Öl entfacht apokalyptisches Feuer im Netz

Auf der Internetplattform Peak-Oil-Forum sind sich die Diskutanten sicher: Weil die Reserven bald zur Neige gehen, steht der „finale“ Energieschock unmittelbar bevor. Es werden nur noch die Optionen debattiert: Marschiert China in Venezuela ein?

VON HAUKE RITZ

Sie geben sich Fantasienamen wie Sukram, Ultradoc, MBS oder Diazotrophicus. Und in ihrem Forum tauschen sie Nachrichten aus, die alle von einer kommenden Ölkrise handeln. Gerade in jüngster Zeit, da der Ölpreis bei jedem Hurrikan neue Rekordwerte erreicht, hat das Peak-Oil-Forum Konjunktur. In dem bedeutendsten deutschsprachigen Internet-Treff zum Thema werden Meldungen gesammelt und diskutiert, die gewöhnlich durch das Netz der öffentlichen Aufmerksamkeit fallen.

Zum Beispiel diese: „Irans Ölminister warnt vor sinkender Förderung“ oder „Indonesien meldet akuten Benzinmangel“. Die Teilnehmer sammeln ihre Indizien für die „finale“ Ölkrise auf abgelegenen Internetseiten. „Australien! Die Benzindecke reißt immer wieder ein.“ Oder „Durchhalteparolen für Irakeinsatz – US-General: Unser Lebensstil steht auf dem Spiel.“

Die Forumsmitglieder glauben an die Peak-Oil-These. Diese besagt: Die Ölförderung hat ihre Spitze fast erreicht und wird bald jährlich um 2 bis 6 Prozent abnehmen. Damit sind sie nicht weit entfernt von unabhängigen professionellen Geologen, die auf ihren Kongressen auch nur noch debattieren, ob das Fördermaximum 2006, 2010 oder erst 2013 erreicht sein wird.

Manchmal wird die Stimmung im Forum apokalyptisch. „Lässt man uns ins offene Messer laufen?“ Denn dass „das Ende der westlichen Lebensweise“ droht, ist bei den Peak-Oil-Fans längst Konsens. Sie diskutieren nur noch die Einzelheiten des Zusammenbruchs. Ob etwa auch das Stromnetz kollabiert. Ob es zu Nahrungsengpässen kommt, da Öl für Düngemittel und Pestizide gebraucht wird. Werden die Amerikaner den Iran angreifen? Oder versuchen sie, China von den Ölmärkten abzuschneiden. Auch die Frage, ob die Grenzen des Wachstums erreicht sind, spielt eine Rolle. Und ob das größte Ölfeld der Welt, Ghawar in Saudi-Arabien, wirklich kurz vor dem Produktionskollaps steht.
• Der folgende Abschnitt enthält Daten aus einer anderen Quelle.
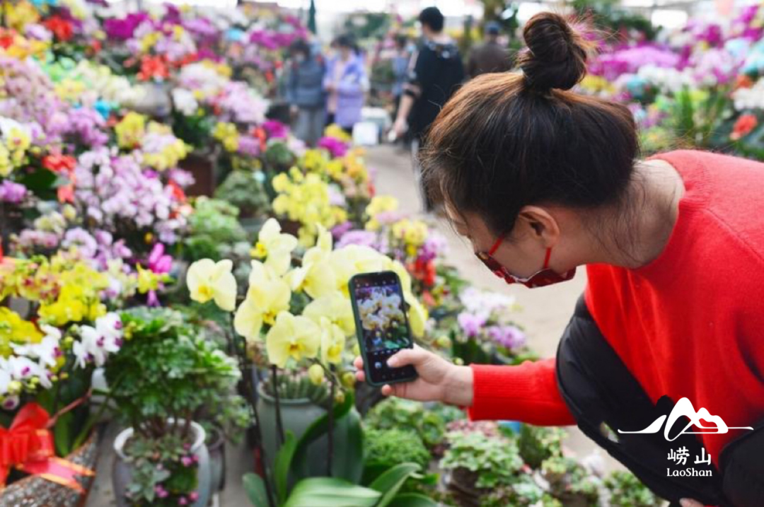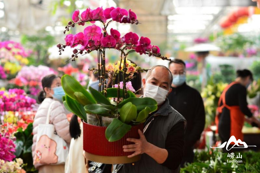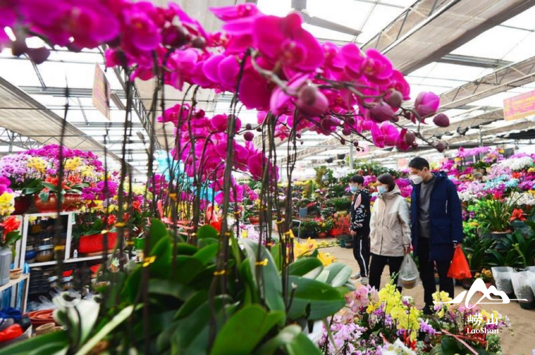 春节临近,崂山枯桃花卉市场已开启“春节模式”,迎来年宵花销售旺季,人们徜徉“花海”之中选购鲜花,迎接新春佳节。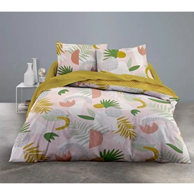 Size: 1 duvet cover 220 x 240 cm + 2 pillowcases 63 x 63 cm. Material: 100% cotton, 57 threads, natural fibres Reversible design The small plus: the concealed button closure for a neat finish; the hand slots to make it easier to put the duvet in place; the pillowcase with a ruffled finish, very elegant. Care : washable at 40 °C; easy-care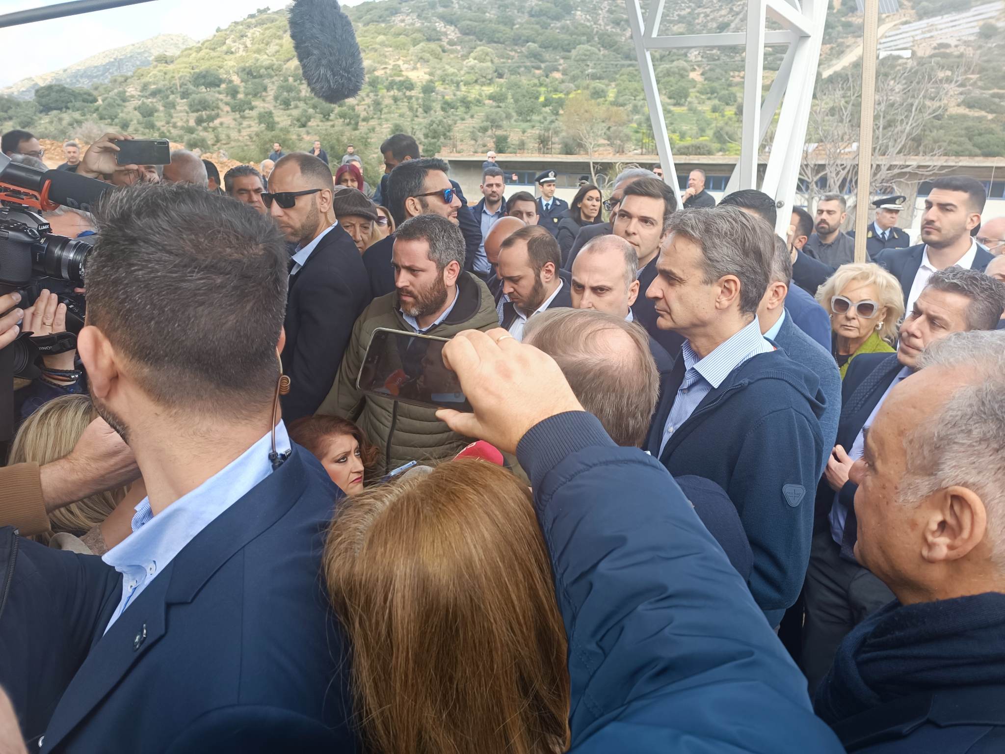 Με όργανα και μαντινάδες υποδέχθηκαν σήμερα τον Μητσοτάκη στο Ηράκλειο. Πρώτος σταθμός της περιοδείας του πρωθυπουργού ήταν το εργοτάξιο του Βόρειου Οδικού Άξονα Κρήτης (ΒΟΑΚ) στην περιοχή της Νεάπολης Λασιθίου.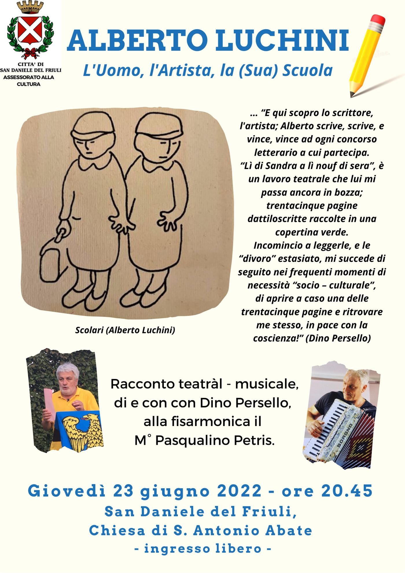 Dino Persello rende omaggio alla figura di Alberto Luchini con uno spettacolo teatrale-musicale accompagnato alla fisarmonica dal Maestro Pasqualino Petris.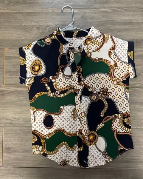 Blusa estampada de moda. Padrisima blusa fresca, combinable y cómoda cadenas modernas en estampado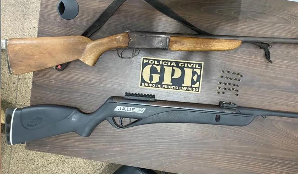 Com um dos presos, os investigadores localizaram duas armas de fogo calibre .28 e uma arma de pressão adaptada para o calibre. 22.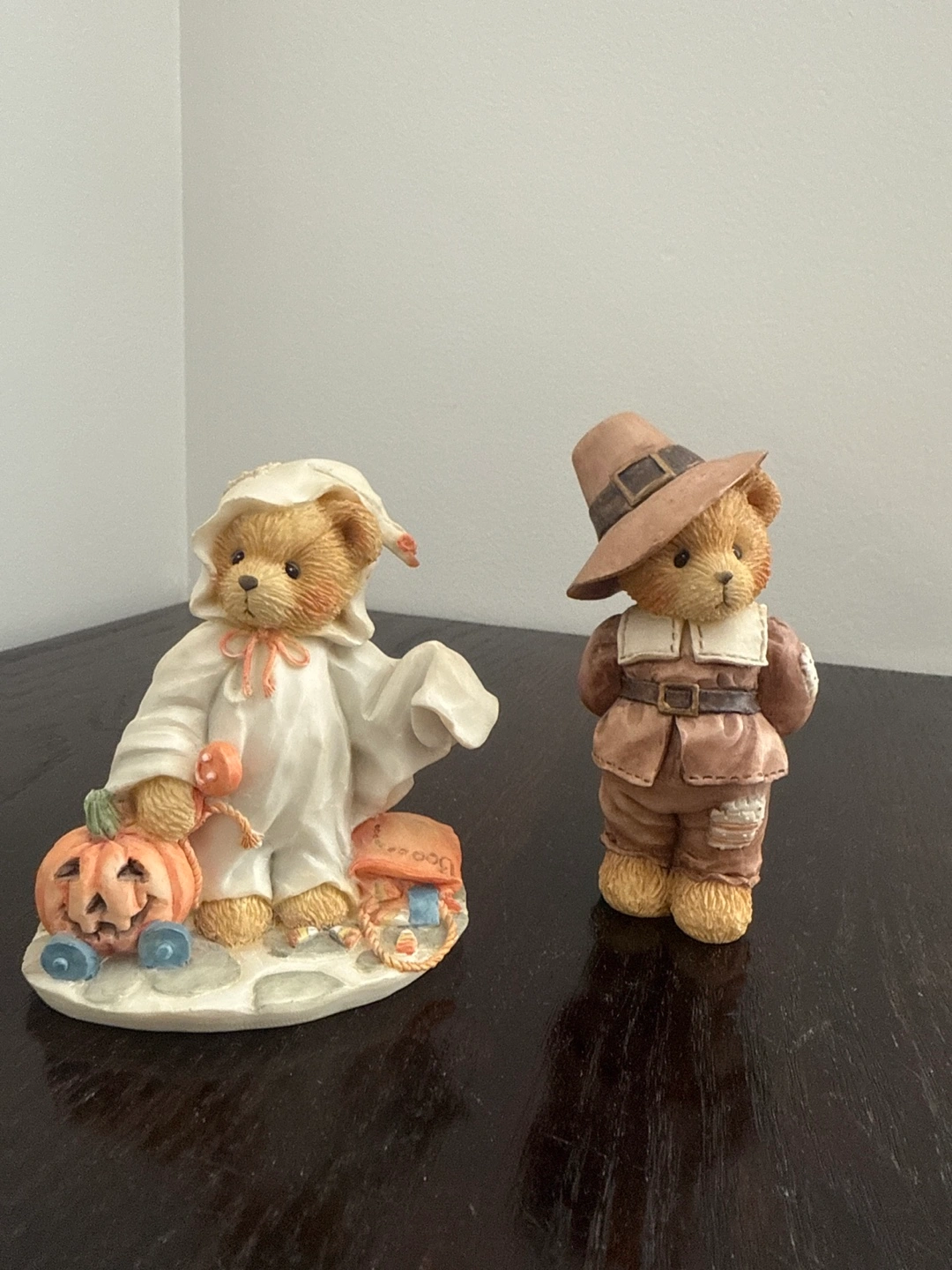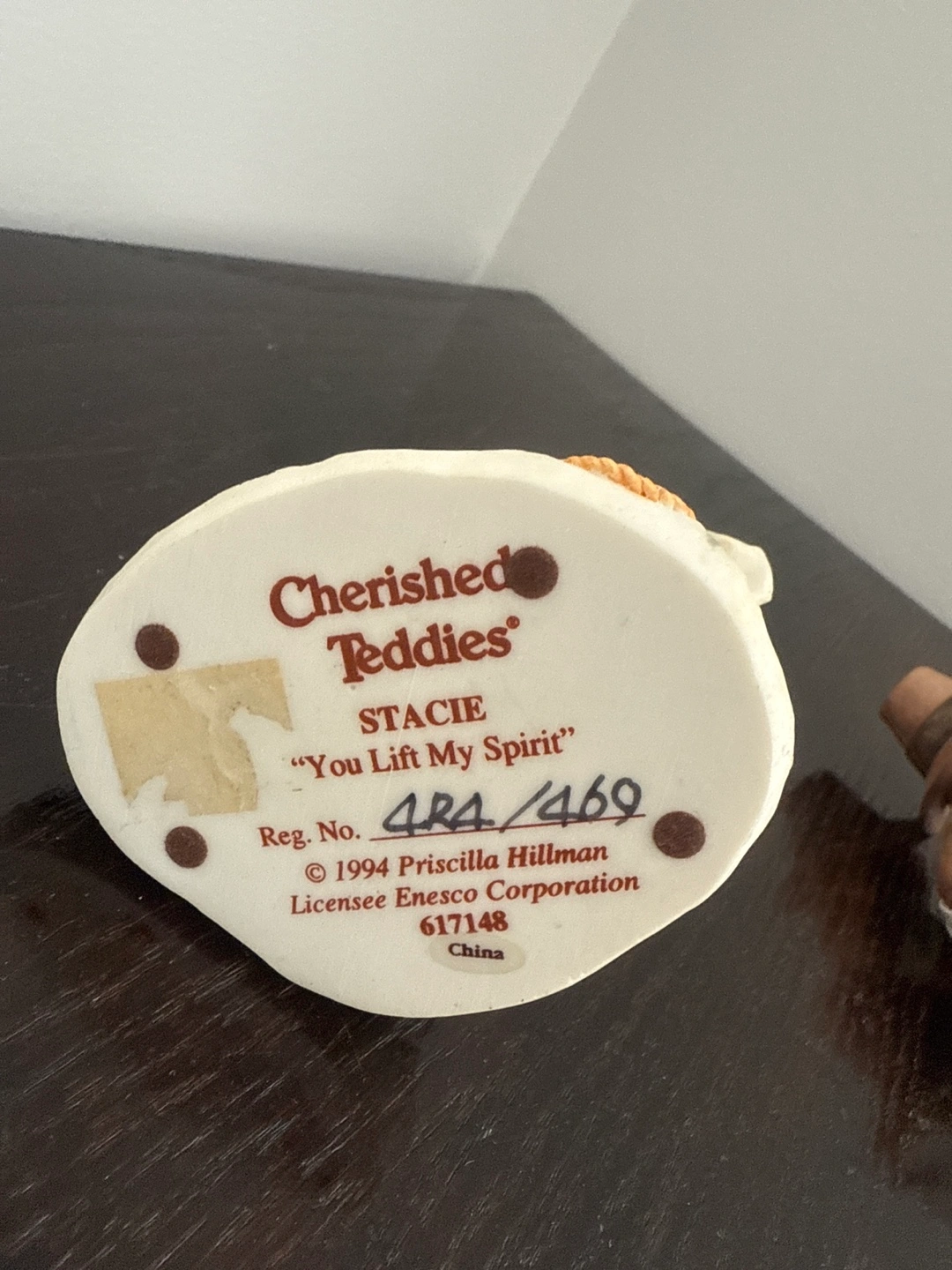 Selling two adorable Cherished Teddies figurines! One is named Stacie "You Lift My Spirit" and the other is Jedediah "Giving Thanks For Friends". Both are from 1994 and licensed by Enesco Corporation. They're in great shape and would make a lovely addition to any collection

Gelegentlich bricht Streit aus. Etwa wenn MBS in seinen apokalyptischen Naherwartungen wieder etwas zu weit gegangen ist. Dann heißt es, „MBS ist ein Peak-Oil- Junkie“. Durch ihn würde das Forum an „Qualität verlieren“ und „zu einem Endzeit-Katastrophen-Forum mutieren“. Denn die Teilnehmer wollen nicht als Verschwörungstheoretiker gelten. Besorgt um die Außenwahrnehmung wollten manche bereits ein MBS-freies Forum gründen.

Doch da meldete sich plötzlich die erste weibliche Teilnehmerin und stellte sich in ihrem einzigen Beitrag schützend vor den geächteten MBS. „MBS, mach weiter so, ich liebe deine Beiträge.“ Die mysteriöse „Judy“ war noch tagelang ein Thema und ließ die Kritiker verstummen. Seither darf MBS seine Endzeiterwartungen wieder posten.
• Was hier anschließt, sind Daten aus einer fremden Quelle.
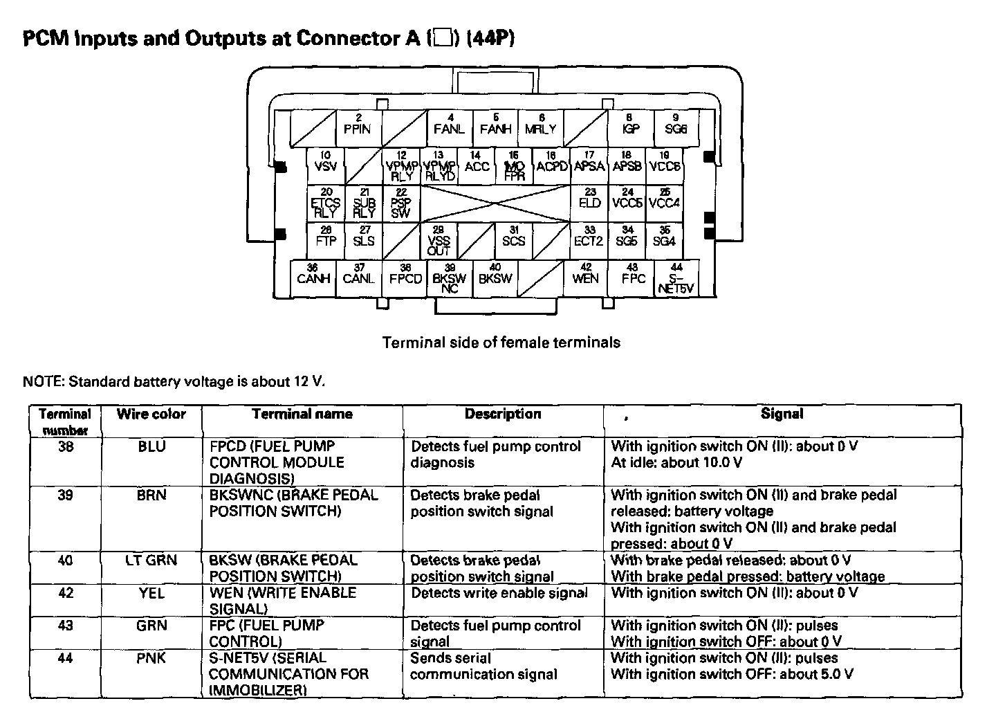 PCM Inputs And Outputs At Connector A (44P) Part 3:

Doch MBS ist keineswegs der einzige Apokalyptiker. Obwohl Realos mäßigend einwirken wollen, finden sich immer wieder Beiträge, die den Weltenbrand beschwören. „Der Großkrieg gegen den Iran … er kommt“ oder „Entwurf einer neuen Verteidigungsdoktrin: Propaganda für den atomaren Angriffskrieg ums iranische Öl/Gas läuft“. Selbst eher unerwartete Koalitionen werden nicht ausgeschlossen: „Chinesische Truppen in Venezuela“. Oft wird diese Katastrophenfaszination wohlig schaudernd zelebriert. „Das Ende nähert sich in ganz großen Schritten.“ Dann wieder wird existenzielle Angst geäußert. Wenn etwa eine „Weltwirtschaftskrise“ gefürchtet wird, „gegen die sich die von 1929 wie ein laues Lüftchen darstellt“.

Aber längst nicht jeder Beitrag ist pessimistisch. Die Ölkrise wird auch als Chance gesehen: Endlich hat sich die „auf Raubbau basierende Klimbimgesellschaft“ erledigt. Wenn MBS schreibt „Die letzte Ölkrise ist es, die alles verändern wird … alles !!!“, dann explodiert die Erregung eines Konsumverweigerers. Man erhofft sich von der Ölkrise die Befreiung aus einer Realität, die durch Konsum, Werbung und Informationsdesign immer unwirklicher geworden ist. Die Forumsmitglieder nehmen das Ende der „derzeitigen industriellen Verschwendungsgesellschaft“ emphatisch vorweg. Sie betrachten die Gegenwart als eine Wirklichkeit, die eigentlich schon vergangen ist.